Records:
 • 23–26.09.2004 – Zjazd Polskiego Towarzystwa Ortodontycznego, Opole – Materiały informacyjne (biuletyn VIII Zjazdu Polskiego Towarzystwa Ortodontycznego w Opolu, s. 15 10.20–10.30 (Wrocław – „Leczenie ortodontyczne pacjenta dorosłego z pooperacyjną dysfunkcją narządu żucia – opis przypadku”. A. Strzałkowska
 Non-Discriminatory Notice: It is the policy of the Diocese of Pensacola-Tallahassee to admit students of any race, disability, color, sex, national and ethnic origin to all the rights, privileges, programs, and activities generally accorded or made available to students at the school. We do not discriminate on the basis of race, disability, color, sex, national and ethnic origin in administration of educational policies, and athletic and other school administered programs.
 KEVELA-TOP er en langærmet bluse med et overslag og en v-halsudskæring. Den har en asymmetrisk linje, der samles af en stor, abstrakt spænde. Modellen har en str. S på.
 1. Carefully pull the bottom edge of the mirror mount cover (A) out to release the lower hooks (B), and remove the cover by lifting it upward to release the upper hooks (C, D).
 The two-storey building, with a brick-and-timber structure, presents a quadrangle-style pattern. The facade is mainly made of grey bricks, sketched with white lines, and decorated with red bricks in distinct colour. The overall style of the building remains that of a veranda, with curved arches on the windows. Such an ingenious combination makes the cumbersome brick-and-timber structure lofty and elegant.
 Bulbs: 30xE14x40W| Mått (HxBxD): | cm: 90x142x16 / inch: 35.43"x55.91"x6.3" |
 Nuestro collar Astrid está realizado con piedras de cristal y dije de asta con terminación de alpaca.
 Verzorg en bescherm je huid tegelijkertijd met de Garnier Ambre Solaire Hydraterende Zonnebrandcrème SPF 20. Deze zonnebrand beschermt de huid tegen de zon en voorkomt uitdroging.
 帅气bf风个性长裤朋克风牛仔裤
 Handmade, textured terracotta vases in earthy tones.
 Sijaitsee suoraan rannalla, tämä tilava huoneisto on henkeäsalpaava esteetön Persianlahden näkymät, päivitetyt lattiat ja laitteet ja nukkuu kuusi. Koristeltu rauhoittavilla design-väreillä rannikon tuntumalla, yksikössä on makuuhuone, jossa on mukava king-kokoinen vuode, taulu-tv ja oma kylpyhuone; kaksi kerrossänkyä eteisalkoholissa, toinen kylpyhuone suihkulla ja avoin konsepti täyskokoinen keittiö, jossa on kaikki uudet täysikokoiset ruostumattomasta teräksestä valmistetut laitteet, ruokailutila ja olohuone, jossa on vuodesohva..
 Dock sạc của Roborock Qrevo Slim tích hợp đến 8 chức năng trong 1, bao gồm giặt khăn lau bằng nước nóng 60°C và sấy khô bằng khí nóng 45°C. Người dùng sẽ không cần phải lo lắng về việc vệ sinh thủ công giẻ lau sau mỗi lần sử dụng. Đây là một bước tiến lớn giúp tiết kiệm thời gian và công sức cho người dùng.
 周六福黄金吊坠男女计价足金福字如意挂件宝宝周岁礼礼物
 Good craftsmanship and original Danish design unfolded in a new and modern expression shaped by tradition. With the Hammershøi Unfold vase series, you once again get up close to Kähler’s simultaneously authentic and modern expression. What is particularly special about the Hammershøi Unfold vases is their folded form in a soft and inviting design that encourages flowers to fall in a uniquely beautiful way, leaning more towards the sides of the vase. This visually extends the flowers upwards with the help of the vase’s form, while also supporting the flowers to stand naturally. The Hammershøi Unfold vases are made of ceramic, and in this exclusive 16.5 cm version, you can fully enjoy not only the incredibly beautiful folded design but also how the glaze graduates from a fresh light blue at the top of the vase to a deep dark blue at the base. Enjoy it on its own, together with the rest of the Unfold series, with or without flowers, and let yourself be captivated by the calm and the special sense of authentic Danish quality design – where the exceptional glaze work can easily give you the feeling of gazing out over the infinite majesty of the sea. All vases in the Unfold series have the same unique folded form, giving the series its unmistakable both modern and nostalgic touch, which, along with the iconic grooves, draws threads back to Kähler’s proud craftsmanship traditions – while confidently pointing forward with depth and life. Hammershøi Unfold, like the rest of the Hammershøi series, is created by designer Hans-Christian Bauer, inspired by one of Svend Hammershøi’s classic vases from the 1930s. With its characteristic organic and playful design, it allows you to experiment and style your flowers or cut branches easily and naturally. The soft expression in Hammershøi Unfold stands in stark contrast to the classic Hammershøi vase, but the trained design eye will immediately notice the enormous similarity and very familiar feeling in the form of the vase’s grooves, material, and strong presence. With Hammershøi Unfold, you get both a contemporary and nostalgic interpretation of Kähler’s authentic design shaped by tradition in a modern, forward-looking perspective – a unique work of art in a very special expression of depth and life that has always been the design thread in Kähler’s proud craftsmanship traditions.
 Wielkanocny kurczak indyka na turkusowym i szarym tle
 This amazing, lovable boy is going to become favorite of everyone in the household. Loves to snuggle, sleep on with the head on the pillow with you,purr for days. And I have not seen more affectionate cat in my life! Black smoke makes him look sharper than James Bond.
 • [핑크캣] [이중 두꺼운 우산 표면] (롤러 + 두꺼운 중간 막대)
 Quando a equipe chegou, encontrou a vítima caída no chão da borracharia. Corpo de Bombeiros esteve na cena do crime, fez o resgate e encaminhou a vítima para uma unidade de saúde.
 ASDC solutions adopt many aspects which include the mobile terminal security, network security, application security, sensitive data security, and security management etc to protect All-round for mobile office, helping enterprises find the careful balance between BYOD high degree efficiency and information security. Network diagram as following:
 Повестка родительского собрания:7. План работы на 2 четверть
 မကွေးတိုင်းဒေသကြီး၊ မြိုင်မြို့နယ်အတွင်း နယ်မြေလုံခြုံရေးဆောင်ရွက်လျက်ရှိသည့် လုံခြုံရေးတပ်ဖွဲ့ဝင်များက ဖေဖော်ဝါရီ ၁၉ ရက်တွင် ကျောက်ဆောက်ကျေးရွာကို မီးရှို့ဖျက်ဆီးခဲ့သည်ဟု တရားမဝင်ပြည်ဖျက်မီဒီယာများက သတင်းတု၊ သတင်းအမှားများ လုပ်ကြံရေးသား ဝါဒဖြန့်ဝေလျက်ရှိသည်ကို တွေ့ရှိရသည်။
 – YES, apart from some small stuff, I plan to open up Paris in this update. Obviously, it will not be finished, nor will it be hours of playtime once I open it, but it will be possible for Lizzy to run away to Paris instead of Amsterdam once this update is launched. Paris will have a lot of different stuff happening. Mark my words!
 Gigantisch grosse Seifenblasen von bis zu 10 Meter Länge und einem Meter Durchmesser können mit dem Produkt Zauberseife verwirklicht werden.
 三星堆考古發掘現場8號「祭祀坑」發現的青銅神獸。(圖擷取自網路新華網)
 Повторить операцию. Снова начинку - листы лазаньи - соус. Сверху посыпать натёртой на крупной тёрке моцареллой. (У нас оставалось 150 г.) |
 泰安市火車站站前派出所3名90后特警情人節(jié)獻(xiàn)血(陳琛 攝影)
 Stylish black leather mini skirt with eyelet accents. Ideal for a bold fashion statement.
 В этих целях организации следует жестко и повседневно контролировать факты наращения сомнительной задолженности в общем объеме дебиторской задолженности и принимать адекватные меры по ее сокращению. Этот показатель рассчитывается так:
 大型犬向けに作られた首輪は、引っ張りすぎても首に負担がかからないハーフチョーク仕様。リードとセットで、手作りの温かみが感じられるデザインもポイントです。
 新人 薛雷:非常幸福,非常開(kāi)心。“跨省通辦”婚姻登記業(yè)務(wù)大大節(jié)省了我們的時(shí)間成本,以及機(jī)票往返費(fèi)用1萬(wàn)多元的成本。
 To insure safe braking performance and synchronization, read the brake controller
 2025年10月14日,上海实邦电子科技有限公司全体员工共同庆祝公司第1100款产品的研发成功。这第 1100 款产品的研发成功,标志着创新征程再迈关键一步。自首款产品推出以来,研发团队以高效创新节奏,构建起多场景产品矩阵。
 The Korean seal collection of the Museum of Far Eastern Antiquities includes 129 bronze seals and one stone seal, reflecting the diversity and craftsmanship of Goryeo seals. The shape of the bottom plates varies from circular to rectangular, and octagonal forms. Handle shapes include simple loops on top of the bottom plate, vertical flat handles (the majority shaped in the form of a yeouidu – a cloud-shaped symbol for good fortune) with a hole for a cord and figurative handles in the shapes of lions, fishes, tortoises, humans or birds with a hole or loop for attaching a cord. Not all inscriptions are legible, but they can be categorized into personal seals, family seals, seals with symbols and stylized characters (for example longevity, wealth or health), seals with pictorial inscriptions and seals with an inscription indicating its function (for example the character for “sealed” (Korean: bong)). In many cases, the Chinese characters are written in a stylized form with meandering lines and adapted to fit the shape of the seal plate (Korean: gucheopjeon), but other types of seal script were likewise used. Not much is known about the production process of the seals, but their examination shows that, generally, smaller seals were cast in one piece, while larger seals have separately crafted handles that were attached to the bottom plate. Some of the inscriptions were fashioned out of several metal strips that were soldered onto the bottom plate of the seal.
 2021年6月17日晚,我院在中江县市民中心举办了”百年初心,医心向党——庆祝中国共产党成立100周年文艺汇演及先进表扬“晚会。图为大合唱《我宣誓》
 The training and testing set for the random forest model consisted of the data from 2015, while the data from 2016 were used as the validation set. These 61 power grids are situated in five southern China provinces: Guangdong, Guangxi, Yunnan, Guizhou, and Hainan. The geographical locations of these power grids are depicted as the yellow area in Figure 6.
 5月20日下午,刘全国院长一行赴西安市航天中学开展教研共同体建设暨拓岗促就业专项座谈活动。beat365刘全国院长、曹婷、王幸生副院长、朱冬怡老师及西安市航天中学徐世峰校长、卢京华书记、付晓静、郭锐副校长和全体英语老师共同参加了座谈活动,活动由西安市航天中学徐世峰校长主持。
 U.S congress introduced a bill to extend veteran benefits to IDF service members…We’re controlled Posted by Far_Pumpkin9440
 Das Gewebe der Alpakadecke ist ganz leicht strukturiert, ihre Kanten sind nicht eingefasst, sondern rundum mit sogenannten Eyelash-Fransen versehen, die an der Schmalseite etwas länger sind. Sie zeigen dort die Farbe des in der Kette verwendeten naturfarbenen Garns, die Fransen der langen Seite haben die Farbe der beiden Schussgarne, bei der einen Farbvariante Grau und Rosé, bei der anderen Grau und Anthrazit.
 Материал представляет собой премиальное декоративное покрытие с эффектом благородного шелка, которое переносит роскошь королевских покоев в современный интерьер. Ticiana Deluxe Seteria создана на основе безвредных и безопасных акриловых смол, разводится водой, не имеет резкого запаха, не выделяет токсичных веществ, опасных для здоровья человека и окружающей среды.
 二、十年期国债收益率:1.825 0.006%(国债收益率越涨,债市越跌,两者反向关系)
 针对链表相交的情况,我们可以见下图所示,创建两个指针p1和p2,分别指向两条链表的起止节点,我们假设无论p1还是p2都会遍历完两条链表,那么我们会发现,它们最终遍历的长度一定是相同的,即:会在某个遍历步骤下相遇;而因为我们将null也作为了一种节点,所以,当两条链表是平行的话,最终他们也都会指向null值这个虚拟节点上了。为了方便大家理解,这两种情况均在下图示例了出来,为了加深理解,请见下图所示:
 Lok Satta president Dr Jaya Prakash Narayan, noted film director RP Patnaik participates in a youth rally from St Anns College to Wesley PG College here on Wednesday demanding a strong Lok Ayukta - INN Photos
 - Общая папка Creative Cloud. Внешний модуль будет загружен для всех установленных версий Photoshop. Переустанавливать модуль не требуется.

Task instructions: Find the line with "U.S congress introduced" in the material above. Reproduce it and each line after it up to and including the line with "二、十年期国债收益率:1.8".

Expected answer:
 U.S congress introduced a bill to extend veteran benefits to IDF service members…We’re controlled Posted by Far_Pumpkin9440
 Das Gewebe der Alpakadecke ist ganz leicht strukturiert, ihre Kanten sind nicht eingefasst, sondern rundum mit sogenannten Eyelash-Fransen versehen, die an der Schmalseite etwas länger sind. Sie zeigen dort die Farbe des in der Kette verwendeten naturfarbenen Garns, die Fransen der langen Seite haben die Farbe der beiden Schussgarne, bei der einen Farbvariante Grau und Rosé, bei der anderen Grau und Anthrazit.
 Материал представляет собой премиальное декоративное покрытие с эффектом благородного шелка, которое переносит роскошь королевских покоев в современный интерьер. Ticiana Deluxe Seteria создана на основе безвредных и безопасных акриловых смол, разводится водой, не имеет резкого запаха, не выделяет токсичных веществ, опасных для здоровья человека и окружающей среды.
 二、十年期国债收益率:1.825 0.006%(国债收益率越涨,债市越跌,两者反向关系)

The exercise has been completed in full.